After five seasons with the Sharks, Larry Robinson is leaving the organization.
Robinson, 65, spent the last three seasons as the club's director of player development. He served as an associate coach from 2012-14.
TSN in Montreal and the Montreal Gazette originally reported the news.
The Sharks confirmed that Robinson's contract would be expiring, and general manager Doug Wilson told NBC Sports California that the divorce was amicable, and "because of geography." Robinson lives in Florida.
According to the Montreal Gazette:
Robinson’s contract with the Sharks expires on July 1, but agent Donnie Cape said Thursday that San Jose general manager Doug Wilson has given him permission to speak with other teams. Robinson lives in Bradenton, Fla., and the long travel distance to San Jose is one of big the reasons he’s looking for a new team to work for.
Robinson seemed to ponder retirement in 2014, but signed a three-year extension to remain in the Sharks' front office. He worked mostly from his home in Florida the past two seasons, making occasional trips to San Jose, including during training camp.
In the summer of 2015, Robinson underwent surgery for skin cancer.

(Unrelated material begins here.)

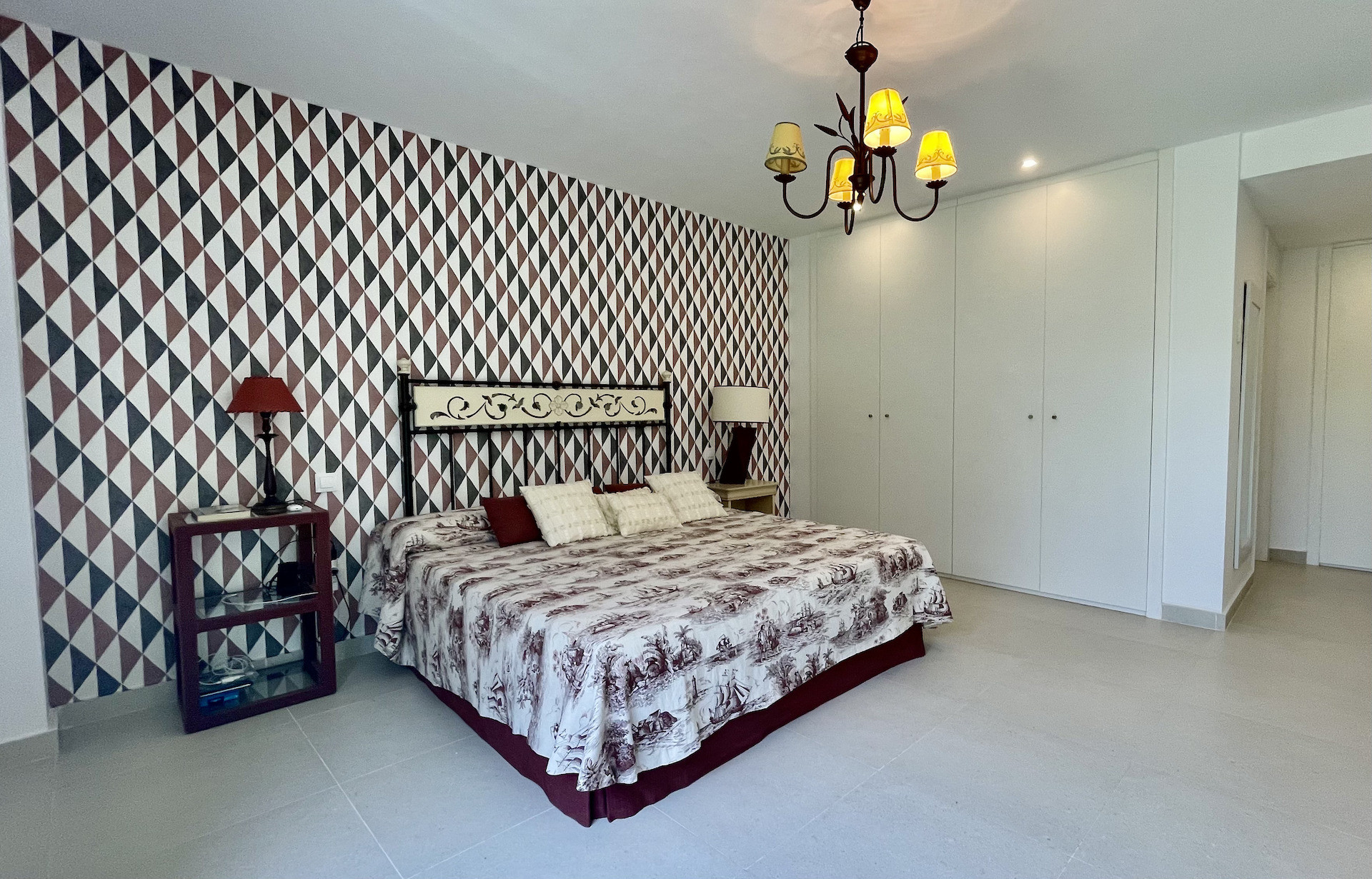 The sleeping area offers three spacious double bedrooms, all en suite, as well as a guest powder room. The property includes two underground parking spaces, providing security and convenience. Notable features include aerothermal climate control, double-glazed windows, porcelain flooring, built-in wardrobes, and mosquito screens in every room.
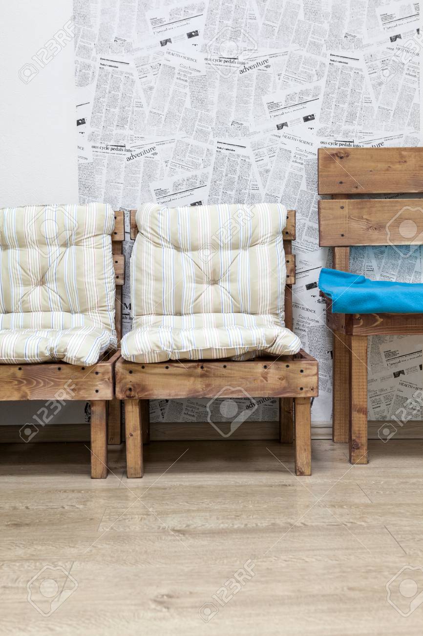 Wooden Hand Made Chairs And Bench With Soft Pillows Room Interior

Recognized as one of the best defensemen in NHL history, Robinson won six Stanley Cup championships with the Montreal Canadiens as a player, and holds the NHL record for playing 20 straight seasons in the playoffs. A 10-time All-Star and two-time Norris Trophy winner, Robinson was inducted into the Hockey Hall of Fame in 1995.
Robinson was the head coach of the Los Angeles Kings from 1995-99, and the New Jersey Devils from 1999-2002 and again in 2005-06. He led the Devils to the Stanley Cup in 2000. Robinson has nine Stanley Cup rings as a player and coach.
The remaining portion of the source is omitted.